I hope after reading this you will never have to fight with broken Nvidia packages due to unattended or mistaken upgrade.
Final words
If you are careful with your system the packages will almost always work.
If you’re working with Docker or similar it may be more easy for you to develop ML since it may be more systematic approach to the craft.

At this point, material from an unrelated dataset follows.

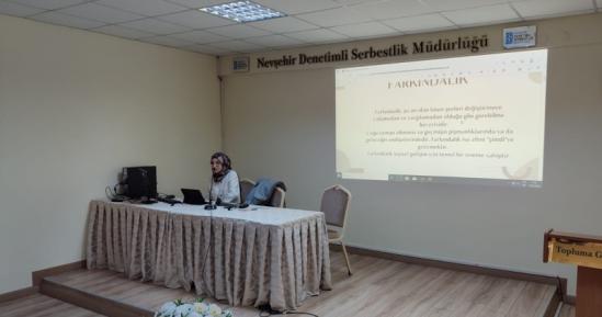 Öğretim elemanımız Arş. Gör. Feyzanur Dalkılıç Eğitim ve iyileştirme faaliyetleri kapsamında denetimli serbestlik yükümlülerine yönelik Nevşehir Denetimli Serbestlik Müdürlüğü Konferans Salonunda "Kişisel Gelişim ve Farkındalık" konulu seminer verdi. Nevşehir Denetimli Serbestlik Müdürlüğü Seminer Salonu'nda gerçekleştirilen seminerde, farkındalık, iletişim becerilerini geliştirme, duygu düzenleme becerileri, disiplin konularında bilgilendirmelerde bulunuldu. Seminere denetimli serbestlik personeli ile yükümlüler katıldı.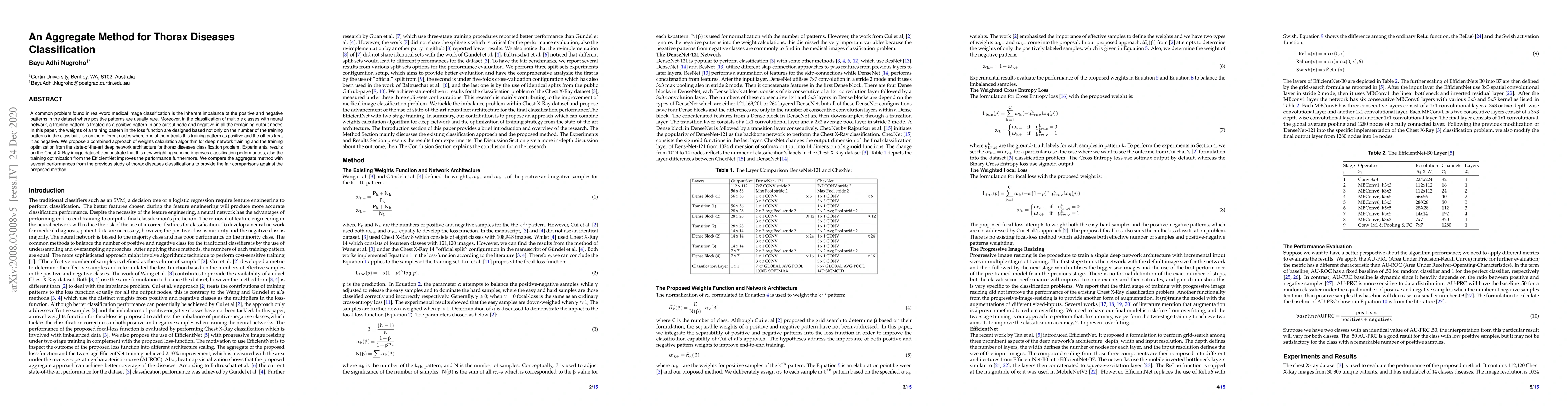 A common problem found in real-word medical image classification is the inherent imbalance of the positive and negative patterns in the dataset where positive patterns are usually rare. Moreover, in the classification of multiple classes with neural network, a training pattern is treated as a positive pattern in one output node and negative in all the remaining output nodes. In this paper, the weights of a training pattern in the loss function are designed based not only on the number of the training patterns in the class but also on the different nodes where one of them treats this training pattern as positive and the others treat it as negative. We propose a combined approach of weights calculation algorithm for deep network training and the training optimization from the state-of-the-art deep network architecture for thorax diseases classification problem. Experimental results on the Chest X-Ray image dataset demonstrate that this new weighting scheme improves classification performances, also the training optimization from the EfficientNet improves the performance furthermore. We compare the aggregate method with several performances from the previous study of thorax diseases classifications to provide the fair comparisons against the proposed method.

I seldom have problems with my system because I read carefully the output each time when I’m installing or removing a package in apt
.
I have tested several nvidia-driver
, CUDA and TensorRT versions and found out that it’s easy to find compatible Nvidia libraries even though the support matrix is really confusing.